--- Excerpted records ---

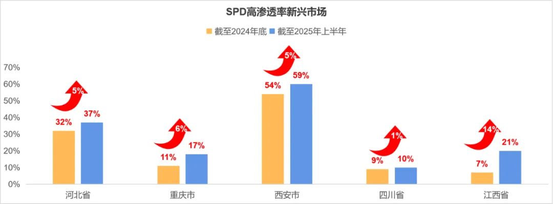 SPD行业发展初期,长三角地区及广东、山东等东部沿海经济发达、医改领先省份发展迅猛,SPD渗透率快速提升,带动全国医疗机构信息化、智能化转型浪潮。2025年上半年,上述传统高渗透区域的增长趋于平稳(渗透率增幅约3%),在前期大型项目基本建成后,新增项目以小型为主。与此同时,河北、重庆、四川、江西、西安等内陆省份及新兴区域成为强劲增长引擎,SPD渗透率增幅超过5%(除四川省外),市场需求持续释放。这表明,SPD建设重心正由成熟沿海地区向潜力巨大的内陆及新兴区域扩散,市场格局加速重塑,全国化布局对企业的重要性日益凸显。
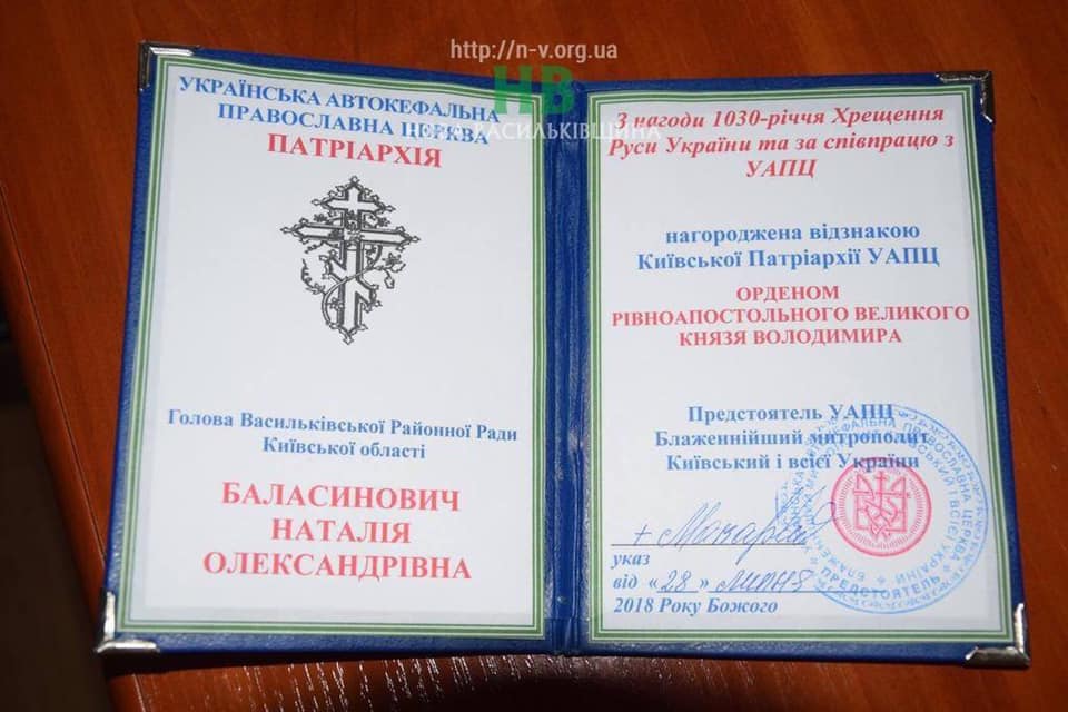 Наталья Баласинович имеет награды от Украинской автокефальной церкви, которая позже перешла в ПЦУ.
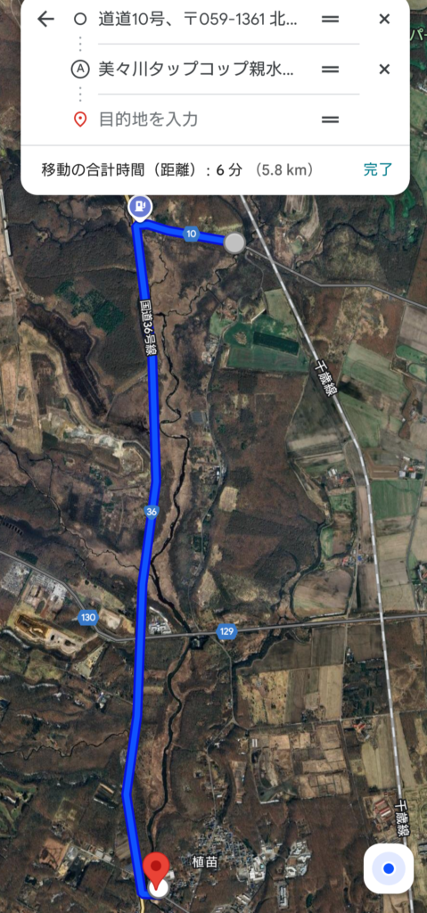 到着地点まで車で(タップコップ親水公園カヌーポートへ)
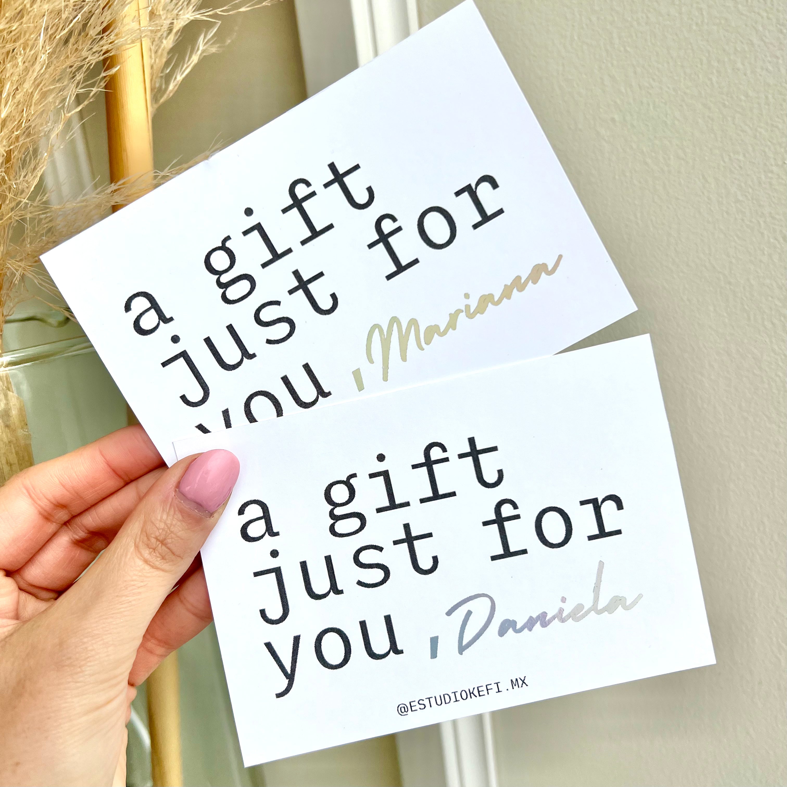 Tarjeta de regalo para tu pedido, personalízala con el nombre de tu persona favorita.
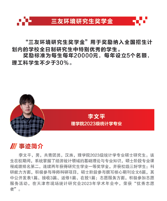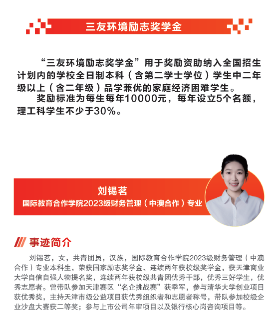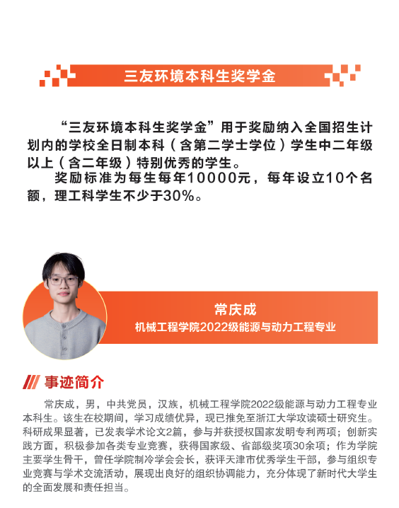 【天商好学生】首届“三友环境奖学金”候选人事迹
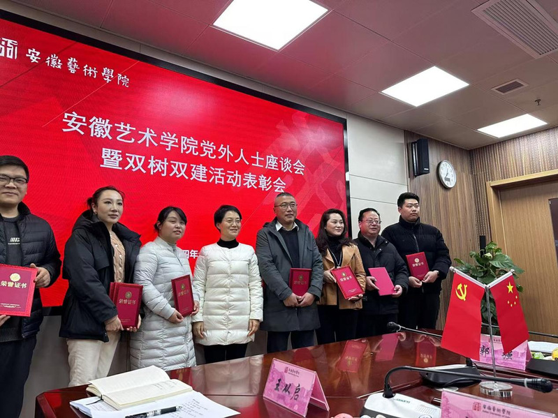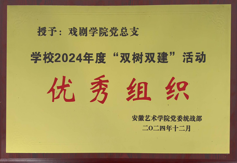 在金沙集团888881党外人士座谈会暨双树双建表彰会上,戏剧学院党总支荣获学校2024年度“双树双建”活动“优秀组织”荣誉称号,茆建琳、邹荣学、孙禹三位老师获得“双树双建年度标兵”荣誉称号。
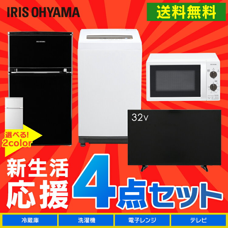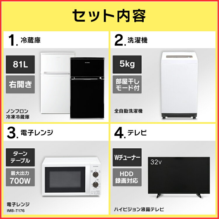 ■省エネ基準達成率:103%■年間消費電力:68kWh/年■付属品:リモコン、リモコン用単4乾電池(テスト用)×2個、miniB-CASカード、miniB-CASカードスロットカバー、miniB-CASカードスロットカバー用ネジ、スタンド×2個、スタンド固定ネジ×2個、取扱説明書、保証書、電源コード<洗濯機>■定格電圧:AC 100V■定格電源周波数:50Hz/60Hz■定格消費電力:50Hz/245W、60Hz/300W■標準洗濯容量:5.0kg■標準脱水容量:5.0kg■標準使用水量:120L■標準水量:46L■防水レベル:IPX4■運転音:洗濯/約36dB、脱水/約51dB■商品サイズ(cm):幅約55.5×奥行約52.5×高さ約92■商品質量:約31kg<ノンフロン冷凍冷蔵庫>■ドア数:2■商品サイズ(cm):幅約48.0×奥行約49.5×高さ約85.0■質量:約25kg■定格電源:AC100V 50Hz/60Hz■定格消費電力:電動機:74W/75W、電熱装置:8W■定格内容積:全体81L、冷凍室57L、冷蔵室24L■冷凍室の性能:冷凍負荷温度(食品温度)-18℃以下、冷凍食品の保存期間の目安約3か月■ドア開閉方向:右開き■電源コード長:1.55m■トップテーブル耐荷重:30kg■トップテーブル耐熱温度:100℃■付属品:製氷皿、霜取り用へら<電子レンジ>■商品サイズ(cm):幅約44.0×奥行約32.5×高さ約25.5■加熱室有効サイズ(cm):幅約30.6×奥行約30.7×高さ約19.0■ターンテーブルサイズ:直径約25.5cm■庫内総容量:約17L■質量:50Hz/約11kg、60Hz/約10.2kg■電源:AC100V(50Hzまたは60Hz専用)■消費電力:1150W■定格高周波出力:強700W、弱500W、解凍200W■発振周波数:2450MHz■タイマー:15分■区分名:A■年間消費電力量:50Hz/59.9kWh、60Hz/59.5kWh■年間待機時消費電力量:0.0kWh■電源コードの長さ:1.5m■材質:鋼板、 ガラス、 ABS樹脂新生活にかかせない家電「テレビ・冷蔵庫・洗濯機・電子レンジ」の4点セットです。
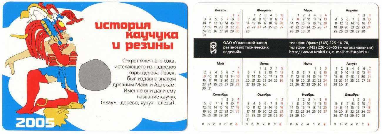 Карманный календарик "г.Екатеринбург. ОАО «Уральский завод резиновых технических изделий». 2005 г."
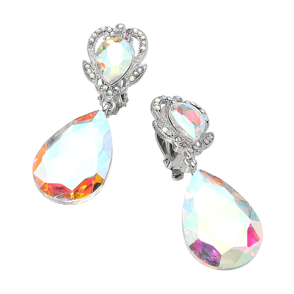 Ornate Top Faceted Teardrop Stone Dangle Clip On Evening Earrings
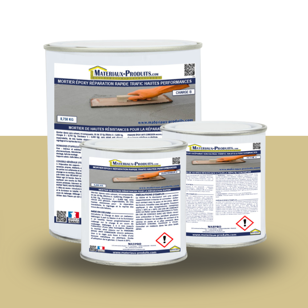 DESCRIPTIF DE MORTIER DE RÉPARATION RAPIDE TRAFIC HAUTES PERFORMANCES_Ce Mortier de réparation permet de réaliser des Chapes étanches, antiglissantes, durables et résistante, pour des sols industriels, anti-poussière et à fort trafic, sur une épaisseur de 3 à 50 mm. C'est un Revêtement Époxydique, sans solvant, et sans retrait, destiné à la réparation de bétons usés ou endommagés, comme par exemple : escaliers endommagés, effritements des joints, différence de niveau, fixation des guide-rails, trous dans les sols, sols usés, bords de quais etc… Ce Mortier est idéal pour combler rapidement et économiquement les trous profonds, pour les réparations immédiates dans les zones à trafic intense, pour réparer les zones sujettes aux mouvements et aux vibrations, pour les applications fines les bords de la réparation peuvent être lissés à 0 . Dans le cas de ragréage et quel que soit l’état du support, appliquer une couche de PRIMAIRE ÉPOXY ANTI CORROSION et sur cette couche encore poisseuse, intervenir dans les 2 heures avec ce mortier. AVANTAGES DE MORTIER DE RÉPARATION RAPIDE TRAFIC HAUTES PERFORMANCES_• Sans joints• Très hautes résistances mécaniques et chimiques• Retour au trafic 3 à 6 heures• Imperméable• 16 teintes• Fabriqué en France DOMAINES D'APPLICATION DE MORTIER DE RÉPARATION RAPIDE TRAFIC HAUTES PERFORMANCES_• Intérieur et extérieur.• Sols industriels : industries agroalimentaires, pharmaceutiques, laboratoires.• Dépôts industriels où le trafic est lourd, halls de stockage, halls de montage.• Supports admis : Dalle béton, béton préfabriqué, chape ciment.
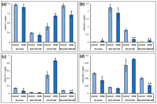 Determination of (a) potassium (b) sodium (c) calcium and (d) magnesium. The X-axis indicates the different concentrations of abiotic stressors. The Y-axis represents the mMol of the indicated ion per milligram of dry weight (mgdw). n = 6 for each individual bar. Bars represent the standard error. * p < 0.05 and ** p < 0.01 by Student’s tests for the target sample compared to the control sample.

---

Task objective
Above are records with pictures. Reproduce exactly only the lines from the line with "завод резиновых технических" through the line with "DESCRIPTIF DE MORTIER", both ends included, and leave the pictures out.

Output below
 Карманный календарик "г.Екатеринбург. ОАО «Уральский завод резиновых технических изделий». 2005 г."
 Ornate Top Faceted Teardrop Stone Dangle Clip On Evening Earrings
 DESCRIPTIF DE MORTIER DE RÉPARATION RAPIDE TRAFIC HAUTES PERFORMANCES_Ce Mortier de réparation permet de réaliser des Chapes étanches, antiglissantes, durables et résistante, pour des sols industriels, anti-poussière et à fort trafic, sur une épaisseur de 3 à 50 mm. C'est un Revêtement Époxydique, sans solvant, et sans retrait, destiné à la réparation de bétons usés ou endommagés, comme par exemple : escaliers endommagés, effritements des joints, différence de niveau, fixation des guide-rails, trous dans les sols, sols usés, bords de quais etc… Ce Mortier est idéal pour combler rapidement et économiquement les trous profonds, pour les réparations immédiates dans les zones à trafic intense, pour réparer les zones sujettes aux mouvements et aux vibrations, pour les applications fines les bords de la réparation peuvent être lissés à 0 . Dans le cas de ragréage et quel que soit l’état du support, appliquer une couche de PRIMAIRE ÉPOXY ANTI CORROSION et sur cette couche encore poisseuse, intervenir dans les 2 heures avec ce mortier. AVANTAGES DE MORTIER DE RÉPARATION RAPIDE TRAFIC HAUTES PERFORMANCES_• Sans joints• Très hautes résistances mécaniques et chimiques• Retour au trafic 3 à 6 heures• Imperméable• 16 teintes• Fabriqué en France DOMAINES D'APPLICATION DE MORTIER DE RÉPARATION RAPIDE TRAFIC HAUTES PERFORMANCES_• Intérieur et extérieur.• Sols industriels : industries agroalimentaires, pharmaceutiques, laboratoires.• Dépôts industriels où le trafic est lourd, halls de stockage, halls de montage.• Supports admis : Dalle béton, béton préfabriqué, chape ciment.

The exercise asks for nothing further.